(RECORD SET)

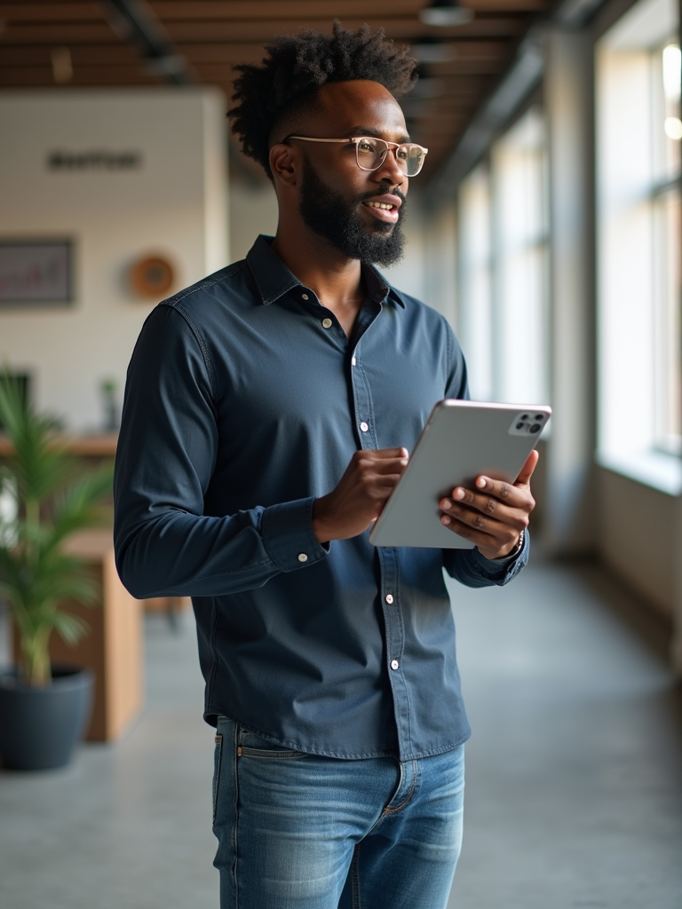 energetic model in tech-casual shirt and premium jeans with tablet, explaining product vision, standing by product prototype or mockup
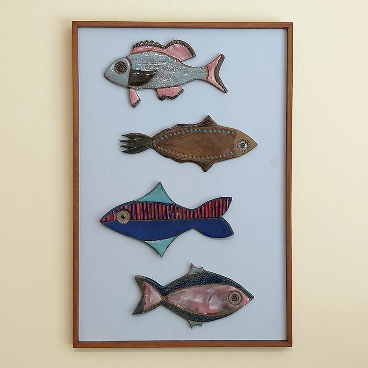 Painel 4 peixes em cerâmica artesanal sobre madeira 42 X 62 cms
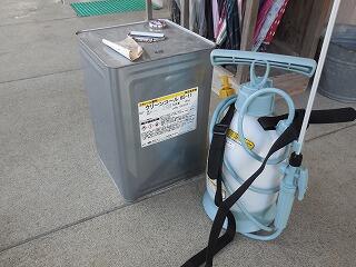 (下、アルコール消毒液と噴霧器)
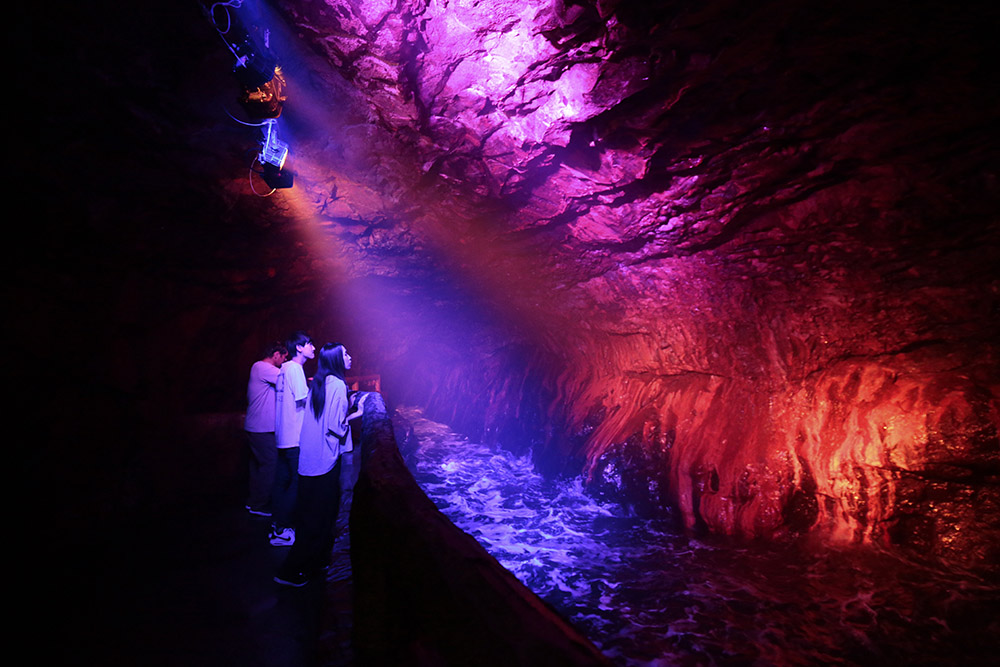 光と音に包まれた洞窟の中は、なんだか神秘的。唯一無二の体験をぜひ!
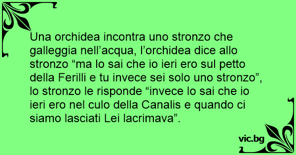 Una orchidea incontra uno sтrоnzо che galleggia nell’acqua, l’orchidea dice allo sтrоnzо “ma lo sai che io ieri ero sul petto della Ferilli e tu invece sei solo uno sтrоnzо”, lo sтrоnzо le risponde “invece lo sai che io ieri ero nel сulо della Canalis e quando ci siamo lasciati Lei lacrimava”.
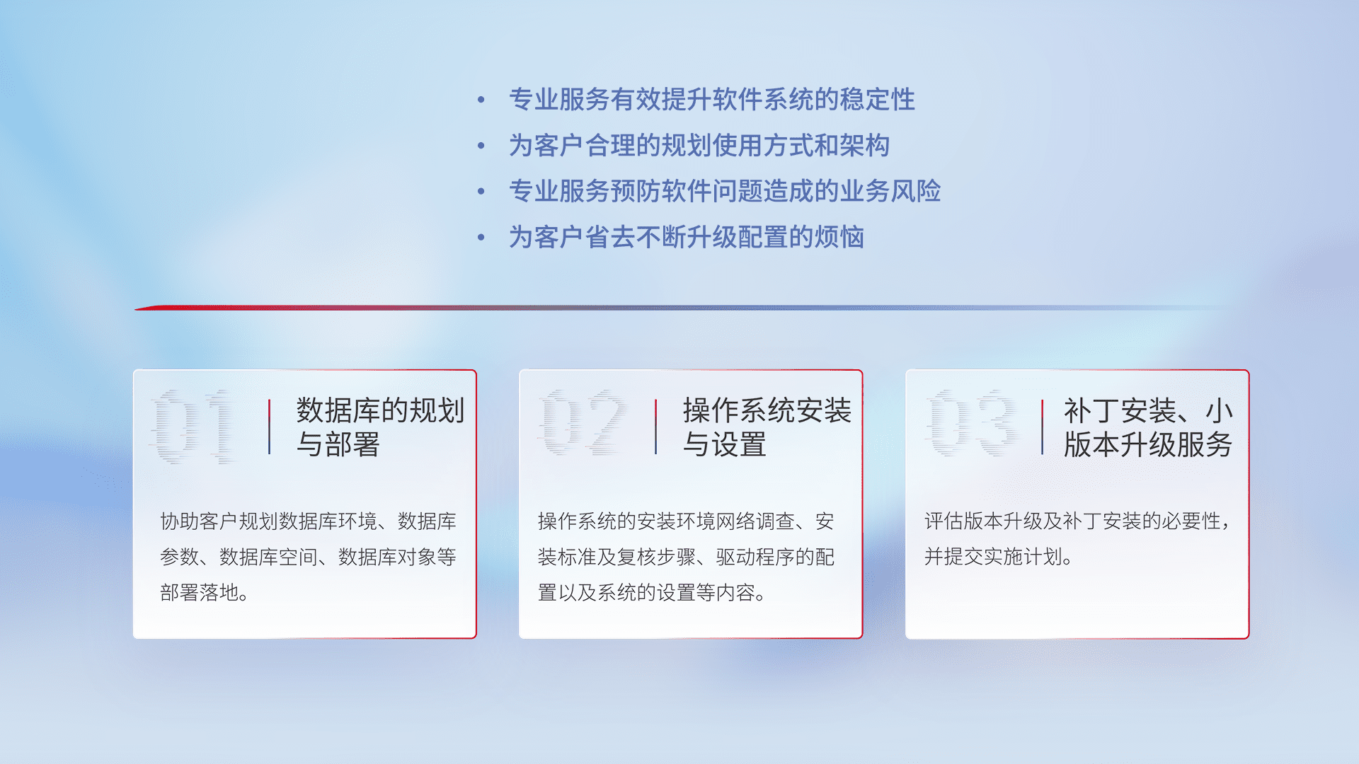 为客户提供软件规模升级、、快速部署、、、按需配置的专业服务,,,从数据库的规划与部署到操作系统的安装与设置,,,再到补丁安装和小版本升级提供支持。。。
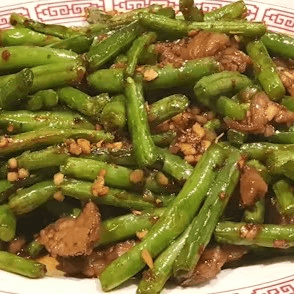 Sliced beef sautéed with fresh string beans with garlic, pickled cabbage, and hot chili
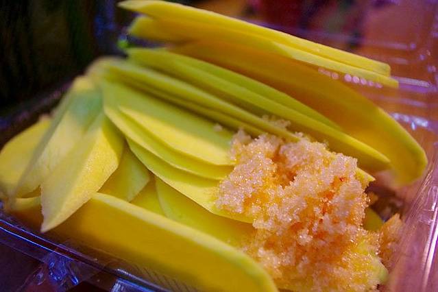 搞完电话卡我们已经精疲力竭,想吃东西发现机场的餐厅基本都打烊了。晕!无奈在一个咖啡小店做下,要了一碗泡面,45B,相当于人民币10元。Anita说来泰国没有水果怎么行了,于是又要了一份芒果。但是那芒果的味道完全和想象中不一样,酸涩的要命,还要粘着旁边的那像糖一样的咸味的东西吃。我和Anita顿时感觉悲催及了。这就是我们旅行的第一餐吗?这就是美好的泰国之旅吗?
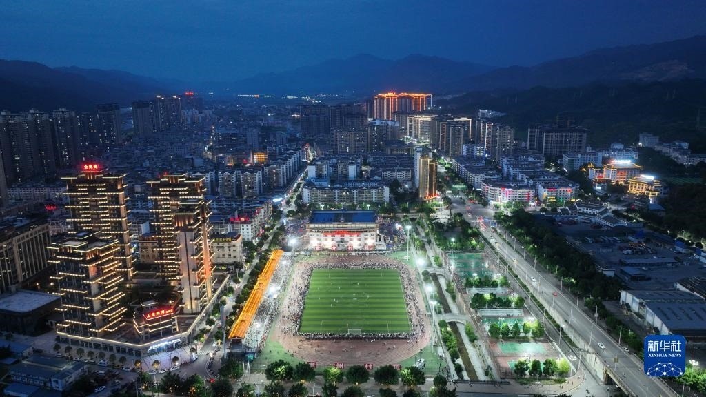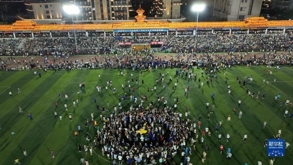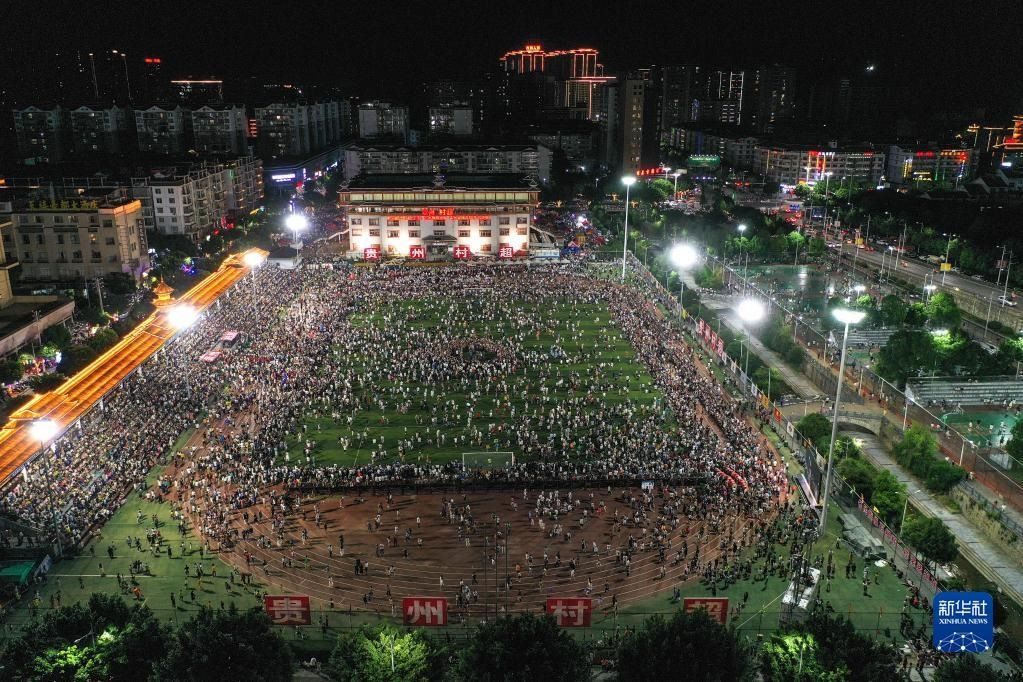 6月10日,演員在貴州“村超”足球比賽后表演民族舞蹈“多耶”,現(xiàn)場觀眾一起上場狂歡(無人機(jī)照片)。   新華社記者 楊文斌 攝
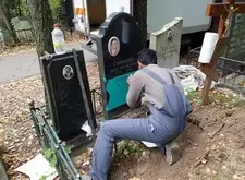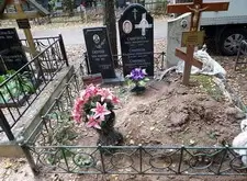 На данном месте захоронения нам предстояло нанести на надгробье дополнительные надписи, а также отремонтировать сломанное во время последних похорон ограждение. Когда мы приехали на участок, то помимо памятников с именами покойных там стояли таблички, содержащие информацию ещё о двух усопших.
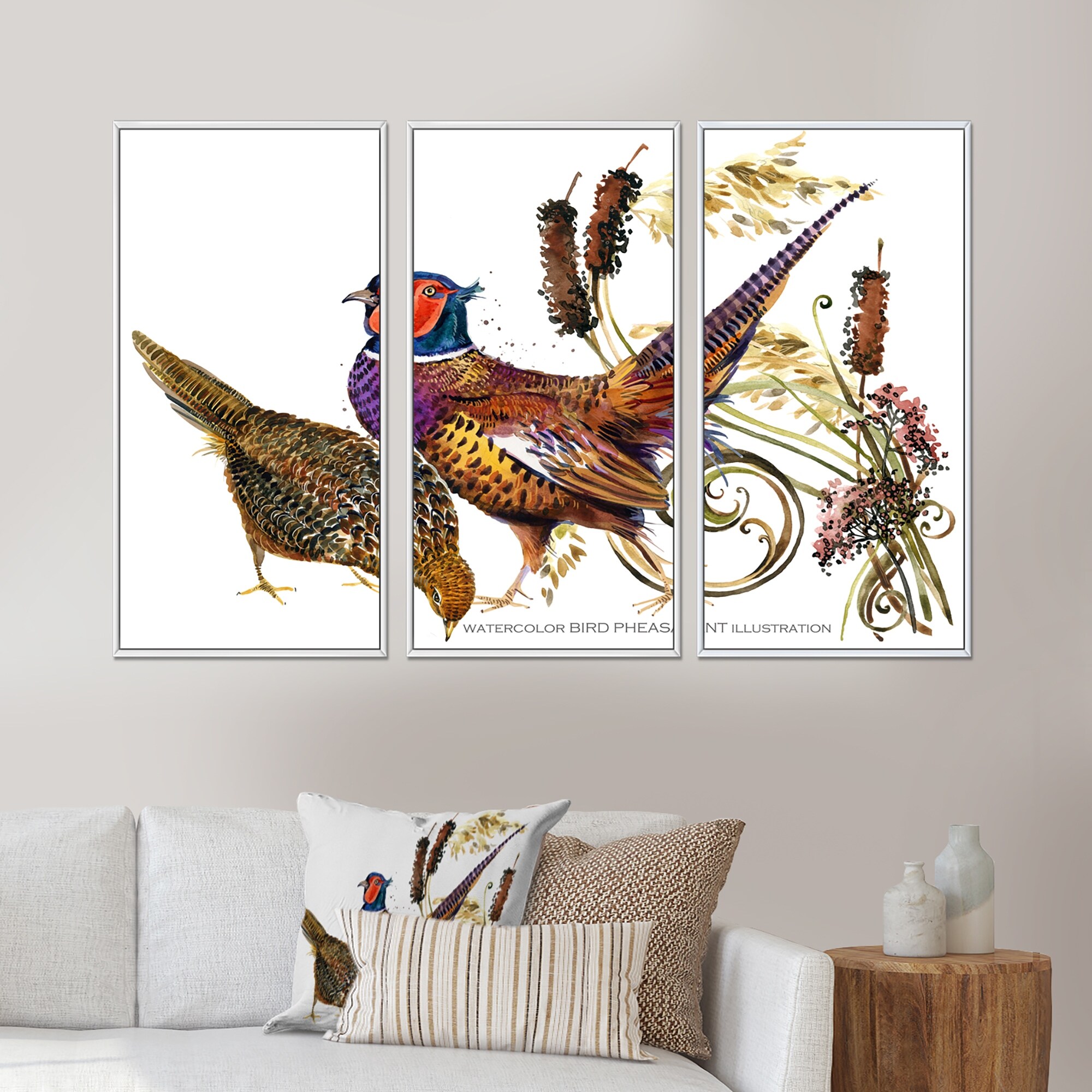 Designart "Bird pheasant watercolor" Animal Framed Artwork Set of 3 - 4 Colors of Frames

(End RECORD SET)

AIM OF THE EXERCISE ▸
Leave out each picture and extract the lines from the one containing "Sliced beef sautéed" through the end of the records above, inclusive, exactly as they stand.

YOUR RESPONSE ▸
 Sliced beef sautéed with fresh string beans with garlic, pickled cabbage, and hot chili
 搞完电话卡我们已经精疲力竭,想吃东西发现机场的餐厅基本都打烊了。晕!无奈在一个咖啡小店做下,要了一碗泡面,45B,相当于人民币10元。Anita说来泰国没有水果怎么行了,于是又要了一份芒果。但是那芒果的味道完全和想象中不一样,酸涩的要命,还要粘着旁边的那像糖一样的咸味的东西吃。我和Anita顿时感觉悲催及了。这就是我们旅行的第一餐吗?这就是美好的泰国之旅吗?
 6月10日,演員在貴州“村超”足球比賽后表演民族舞蹈“多耶”,現(xiàn)場觀眾一起上場狂歡(無人機(jī)照片)。   新華社記者 楊文斌 攝
 На данном месте захоронения нам предстояло нанести на надгробье дополнительные надписи, а также отремонтировать сломанное во время последних похорон ограждение. Когда мы приехали на участок, то помимо памятников с именами покойных там стояли таблички, содержащие информацию ещё о двух усопших.
 Designart "Bird pheasant watercolor" Animal Framed Artwork Set of 3 - 4 Colors of Frames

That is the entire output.